Rolled up into a nanometer-diameter cylinder--a carbon nanotube--the
fermions can acquire a mass and make great 1D transistors, quantum dots,
and nano-solar cells. In this talk, I will present some of our recent
results on these remarkable materials, including ultrafast measurements of
ballistic transport, studies of topological spin-orbit coupling, and
measurements of very efficient electron-hole creation by impact
ionization. We will also discuss how to play a graphene drum and inflate a
graphene balloon that is one atom thick.
March 4:
Jim Peebles
Princeton
Finding the Big Bang
I will review how people hit on the idea that the universe
may be expanding, how it was discovered that there is a
fossil remnant --- thermal radiation --- from a denser hotter
state of the universe, some of the other steps toward the
tight web of evidence that now convincingly shows the
relativistic expanding cosmology is a good approximation
to what actually happened, and a few of the issues
now under discussion that might lead us to a still better
approximation to the large-scale nature of the universe.
April 8:
Arthur Wolfe
CASS/UCSD
Finding the Gas and Magnetic Fields that make Galaxiesk
Damped Lyman-alpha absorption systems (DLAs)
are a population of gas layers
that dominate the neutral-gas content of the
Universe in the redshift interval z=[0,5] and
serve as neutral-gas reservoirs for
star formation in early galaxies. I
discuss evidence for
the evolution of neutral-gas content with time
and its implications for the cycling of
gas through stars at high redshifts.
I then focus on our recent measurement of
a magnetic field in a DLA with redshift
z=0.692 using Zeeman splitting of the redshifted
21 cm absorption line. The absorbing gas exhibits a strong
magnetic field, low metallicity, low electron
fraction, and quiescent kinematics. These conditions
pose a challenge for understanding the origin
of the magnetic field.
SPECIAL COLLOQUIUM:
Date: April 22
Time: 3:30pm
Sandra Faber
UC Santa Cruz/Lick
Galaxy Evolution Over the Last Two-Thirds of Cosmic Time
Major surveys have now thoroughly sampled
the galaxy population at redshifts below z ~ 1.4.

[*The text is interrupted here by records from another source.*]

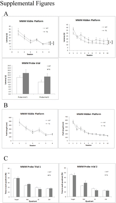 TG mice and WT littermate controls showed similar learning and memory ability in the Morris water maze test. a Latency in the visible and hidden platform training sessions and in probe trials. The greater latency in the TG mice likely reflects their slower swimming speed. b In visible and hidden platform training sessions, TG and WT mice had similar path lengths. c In the probe trials, TG and WT mice spent similar amounts of time in each quadrant. Values are mean ± SEM; *p < 0.05 (ANOVA)
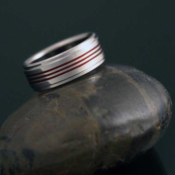Titanium Band - Three Centered Red Pinstripes - Stepped Down Edges
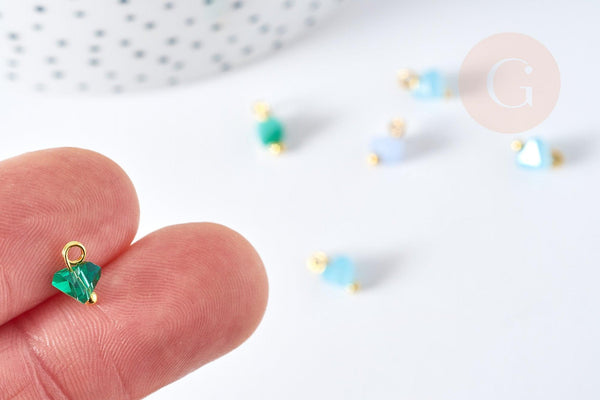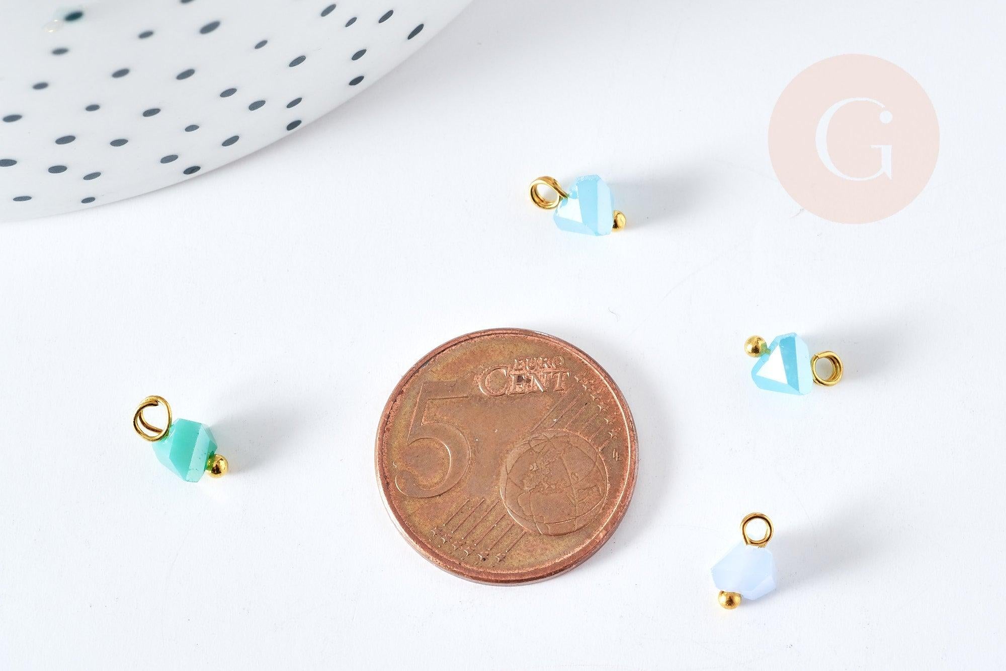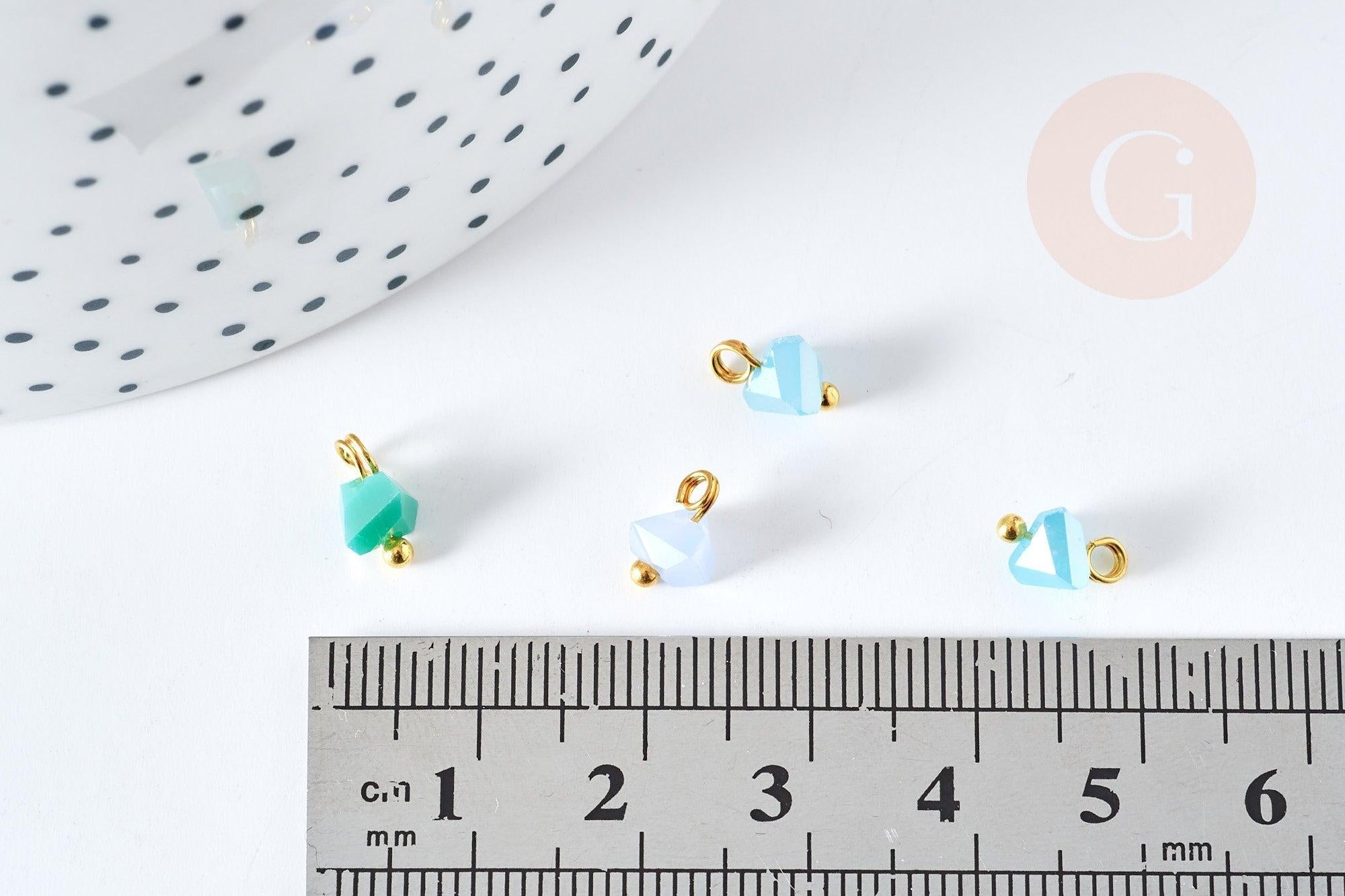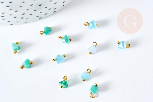 Fall for these pretty charms composed of triangular crystal pearls in blue-turquoise shades, on a golden brass support.
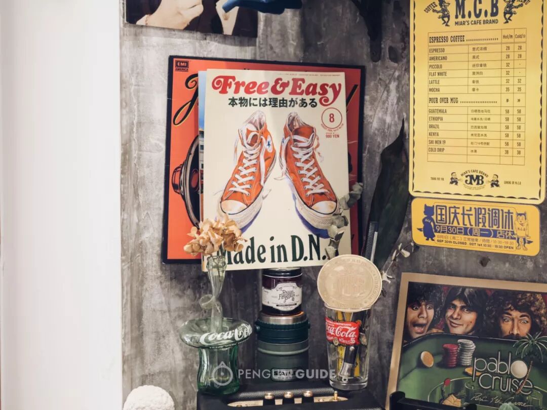 所以你能在店里发现各式各样复古的小物件,比如可口可乐的水杯,吧台上的迷你游戏机,就连夫妻两人的穿搭也十分戳人。同去的摄影师,进店呆了5min不到就没忍住问店主要起了衣服链接!
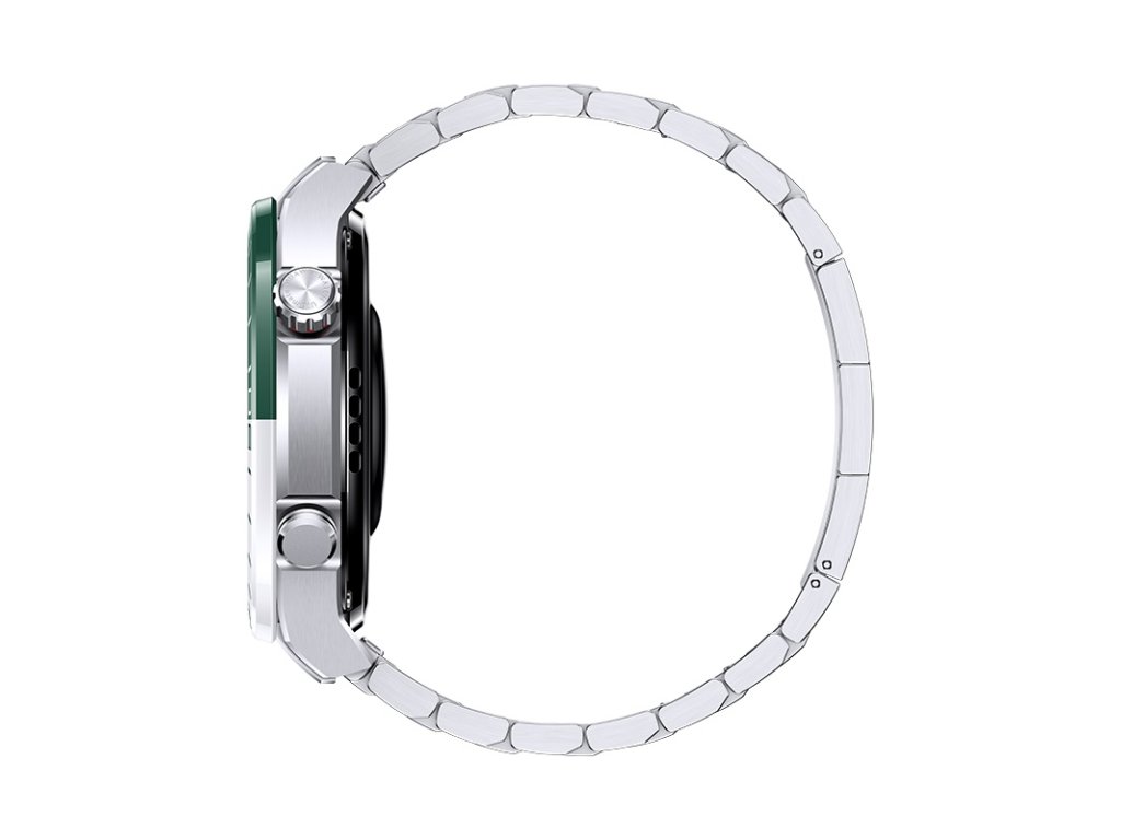 Smart sports watch *Materiál z tekutého kovu | Profesionální sportovní funkce | Mapy golfových hřišť *Titanový řemínek/tah (s dvoubarevným tkaným řemínkem a zeleným řemínkem HNBR jako součást balení výrobku) *Bezdrátové nabíjení Obvod zápěstí: 140–210 mm Voděodolnost: 10 ATM Displej: 1.5-inch LTPO AMOLED color circular screen Rozlišení: 466 x 466, PPI: 311 Senzory: *Čidlo akcelerometru *Čidlo gyroskopu *Čidlo magnetometru *Optické čidlo srdečního tepu *Čidlo barometru *Čidlo teploty *Čidlo hloubky *Čidlo okolního světla *Čidlo EKG Mikrofon: Supported GPS: Dual-band, five-constellation Připojení *Bluetooth 2,4 GHz, podporuje BT5.2 a BR + BLE *NFC Baterie: Lithium polymer battery, 530 mAh Doba nabíjení: 65 minutes Způsob nabíjení: Wireless charging cradle Výdrž baterie: 14 days for typical usage and 8 days for heavy usage Funkce: *100+ workout modes (running, cycling, swimming, mountain hiking, etc.) *Heart rate monitoring (single, real-time and smart) *SpO2/ Sleep/ Stress/ Breathing exercises *Bluetooth Calling *Cycle Calendar *Voice Assistant *Barometer and Compass Rozměry [mm]: 48.5 x 48.5 x 13.0 Hmotnost [g]: 76 g (excluding the strap)Dodatočné parametre
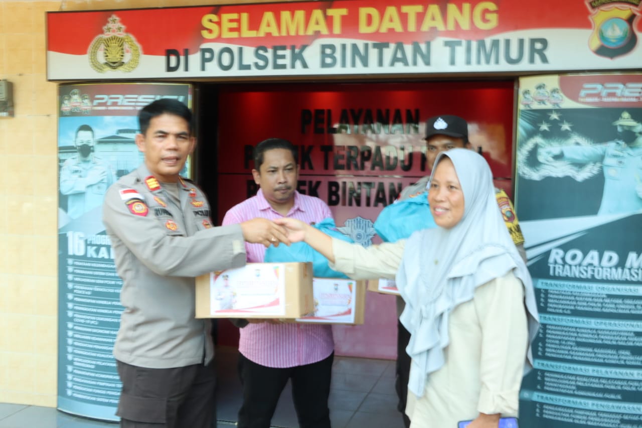 Kiri, Kapolsek Bintan Timur AKP Rugianto saat menyerahkan bantuan paket sembako
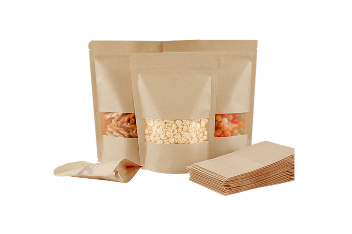 Kraft Stand Up Zip Lock Pouch Bags Resealable with Transparent Window-10pcs
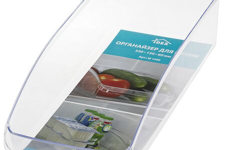 Органайзер для кухни Idea — удобное приспособление для организации порядка в холодильнике, шкафу или выдвижных ящиках. Прозрачный пластик показывает содержимое органайзера. Он снабжен удобной ручкой с хватким выступом. Все края изделия плавно скруглены, что полностью исключает порезы.
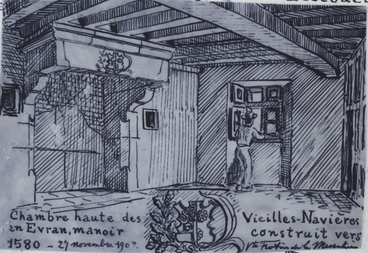 Croquis, chambre haute des Vieilles-Navières en Evran, manoir construit vers 1580, 27 novembre 1902.Immatriculation
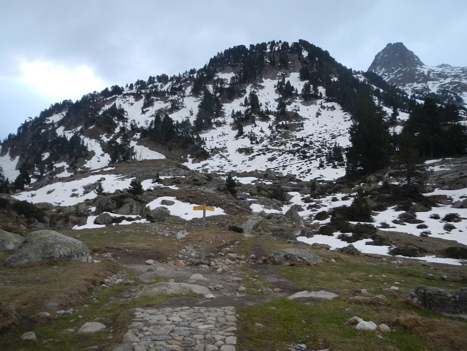 Seguimos el sendero de verano que nos lleva al refugio de la Renclusa hasta encontrar un poste indicador. Nos desviamos a la izquierda en dirección a Aigualluts.

This talk will summarize broadly what has been learned
about galaxy evolution over these epochs, focussing
on results from DEEP2 and Sloan. The main conclusion
is that galaxy evolution is highly correlated with
stellar mass, which in turn is plausibly correlated
with dark halo mass. A useful working model is that
galaxy evolution is driven principally by halo mass
and that the star formation rate is given uniquely
by halo mass at each redshift over these epochs.